Labrafil M2125CS; oleic acid; ethyl oleate;
19. A salt of EPA; DHA; a salt of DHA; a triglyceride of EPA; a triglyceride of DHA; an ethyl ester of EPA; an ethyl ester of DHA; and mixtures thereof, comprising a low HLB oil component. A composition according to any one of the preceding claims. 20. The composition according to claim 14, wherein the low HLB oil component comprises fish oil or a mixture of fish oils. 21. The method according to claim 20, wherein the therapeutic agent is an analgesic, an antiallergic, an antifungal, an antiinflammatory, an antiarrhythmic, an antibiotic, an anticoagulant, an antidepressant, an antidiabetic, an antiepileptic,
Antihypertensive, Antigout, Antimalarial, Antimigraine, Antimuscarinic, Antineoplastic, Antigenic animal, Anxiolytic, Thyroid, Antithyroid, Antiviral, Appetite suppressant, Bisphosphonate , Cardiac inotropic drugs, cardiovascular drugs, corticosteroids, diuretics, dopaminergic drugs, gastrointestinal drugs, hemostats, histamine receptor antagonists, hypnotics, immunosuppressants, renal protective drugs, lipid regulators, Muscle relaxants, neuroleptics, neurotrophic drugs,
Claims: selected from opioid agonists and antagonists, parasympathomimetics, protease inhibitors, prostaglandins, sedatives, sex hormones, stimulants, sympathomimetics, vasodilators and xanthine or mixtures thereof. Any one of 14 to 20
The composition according to Item. 22. The composition according to any one of claims 14 to 19 and 21, wherein the low HLB oil component comprises medium or long chain fatty acid triglycerides. 23. The composition according to any one of claims 14 to 19 and 21, wherein the low HLB oil component comprises a medium or long chain fatty acid ethyl ester. 24. The composition according to any one of claims 14 to 23, wherein said composition is suitable for topical administration. 25. The composition of claims 14 to 23, wherein said composition is suitable for parenteral administration.

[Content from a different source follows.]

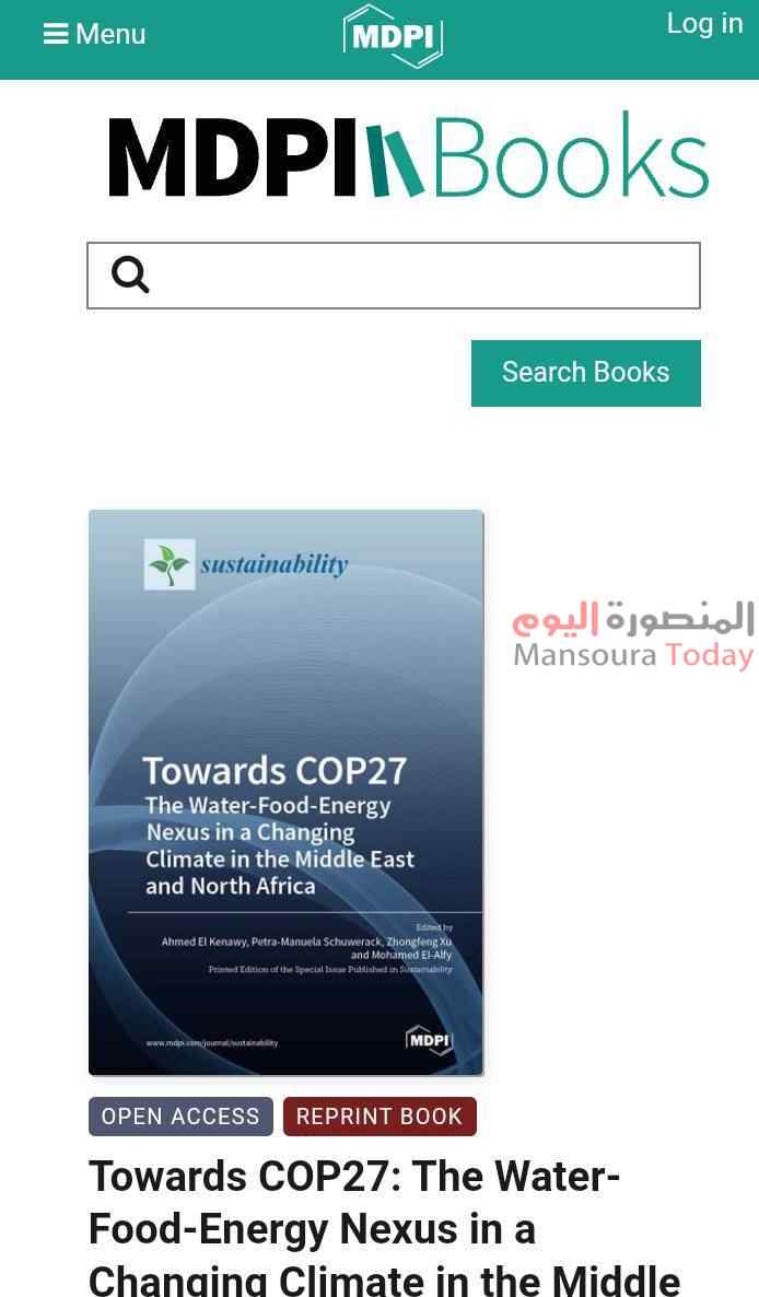 صدر كتاب دولي عن دار النشر MDPI، يضم مجموعة من الأبحاث المتميزة التي تناقش قضايا التغيرات المناخية و الهيدرولوجية في منطقة شمال أفريقيا و الشرق الأوسط – مع التركيز علي مصر- و تقييم تأثيراتها علي بعض القطاعات الحيوية كالمياه والطاقة وإنتاج الغذاء، وقد ضم الكتاب 23 بحثاُ لباحثين من جامعات مصرية و عربية و دولية مختلفة، وقد قامت جامعة المنصورة بالتعاون مع دار النشر الدولية بتحمل تكاليف نشر تلك الأبحاث.

A composition according to any one of the preceding claims. 26. The composition according to any one of claims 14 to 25, wherein the amount of aqueous solution to pre-concentrate is 1: 1 or more. 27. The self-emulsifying pre-concentrated pharmaceutical composition of claim 1, substantially as described and exemplified herein. 28. The microemulsion or emulsion pharmaceutical composition of claim 14, substantially as described and exemplified herein.